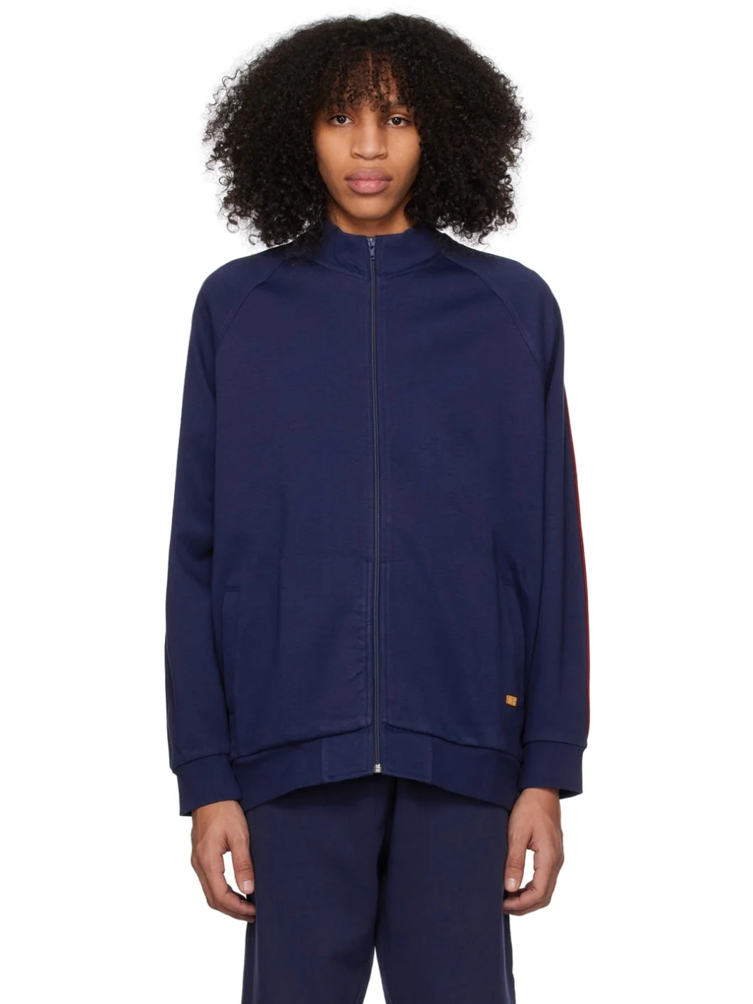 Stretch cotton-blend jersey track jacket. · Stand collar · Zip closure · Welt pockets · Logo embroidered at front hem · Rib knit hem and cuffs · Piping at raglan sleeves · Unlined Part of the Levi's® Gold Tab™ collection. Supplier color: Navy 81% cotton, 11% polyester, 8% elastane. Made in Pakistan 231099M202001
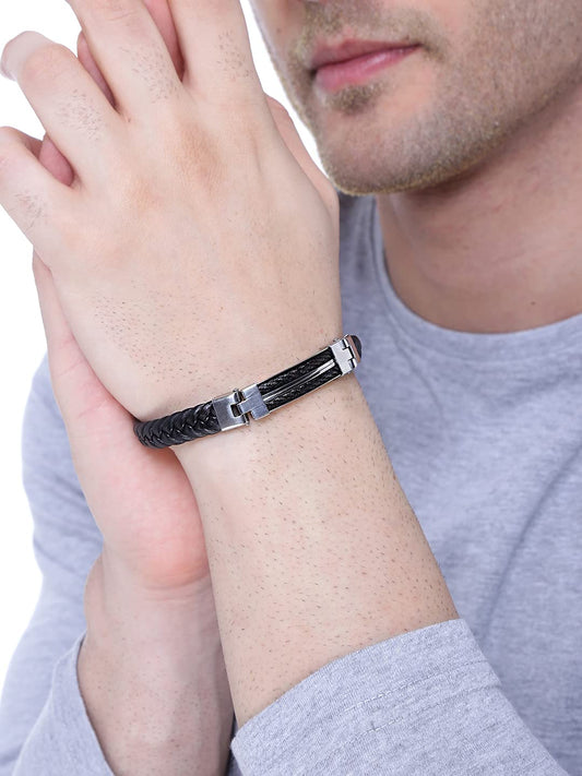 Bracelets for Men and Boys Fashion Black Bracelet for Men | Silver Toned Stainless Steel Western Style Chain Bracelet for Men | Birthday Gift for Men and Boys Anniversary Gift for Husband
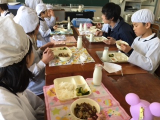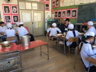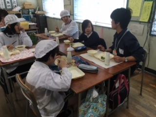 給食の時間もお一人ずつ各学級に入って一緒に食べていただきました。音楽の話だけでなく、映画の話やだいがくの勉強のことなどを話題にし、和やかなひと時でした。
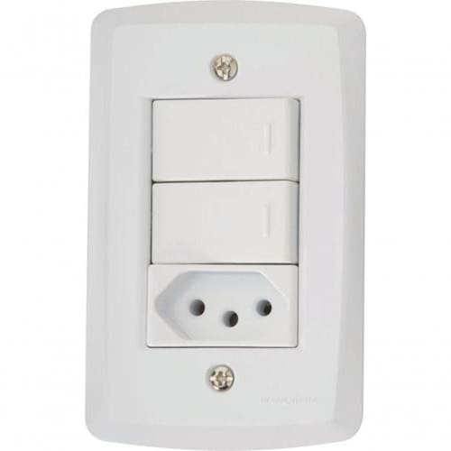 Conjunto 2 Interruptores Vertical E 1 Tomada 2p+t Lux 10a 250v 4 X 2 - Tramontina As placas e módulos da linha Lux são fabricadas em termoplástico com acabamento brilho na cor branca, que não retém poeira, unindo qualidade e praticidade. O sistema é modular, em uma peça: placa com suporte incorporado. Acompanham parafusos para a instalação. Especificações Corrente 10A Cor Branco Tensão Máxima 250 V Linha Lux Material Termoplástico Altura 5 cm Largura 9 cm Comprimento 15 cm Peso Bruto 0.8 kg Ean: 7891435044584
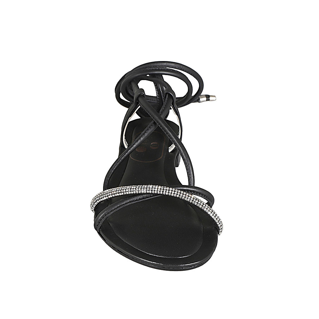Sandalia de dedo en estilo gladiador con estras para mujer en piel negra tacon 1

------------

What is being asked: Transcribe every record above exactly, leaving out the pictures.

Written solution:
 Stretch cotton-blend jersey track jacket. · Stand collar · Zip closure · Welt pockets · Logo embroidered at front hem · Rib knit hem and cuffs · Piping at raglan sleeves · Unlined Part of the Levi's® Gold Tab™ collection. Supplier color: Navy 81% cotton, 11% polyester, 8% elastane. Made in Pakistan 231099M202001
 Bracelets for Men and Boys Fashion Black Bracelet for Men | Silver Toned Stainless Steel Western Style Chain Bracelet for Men | Birthday Gift for Men and Boys Anniversary Gift for Husband
 給食の時間もお一人ずつ各学級に入って一緒に食べていただきました。音楽の話だけでなく、映画の話やだいがくの勉強のことなどを話題にし、和やかなひと時でした。
 Conjunto 2 Interruptores Vertical E 1 Tomada 2p+t Lux 10a 250v 4 X 2 - Tramontina As placas e módulos da linha Lux são fabricadas em termoplástico com acabamento brilho na cor branca, que não retém poeira, unindo qualidade e praticidade. O sistema é modular, em uma peça: placa com suporte incorporado. Acompanham parafusos para a instalação. Especificações Corrente 10A Cor Branco Tensão Máxima 250 V Linha Lux Material Termoplástico Altura 5 cm Largura 9 cm Comprimento 15 cm Peso Bruto 0.8 kg Ean: 7891435044584
Sandalia de dedo en estilo gladiador con estras para mujer en piel negra tacon 1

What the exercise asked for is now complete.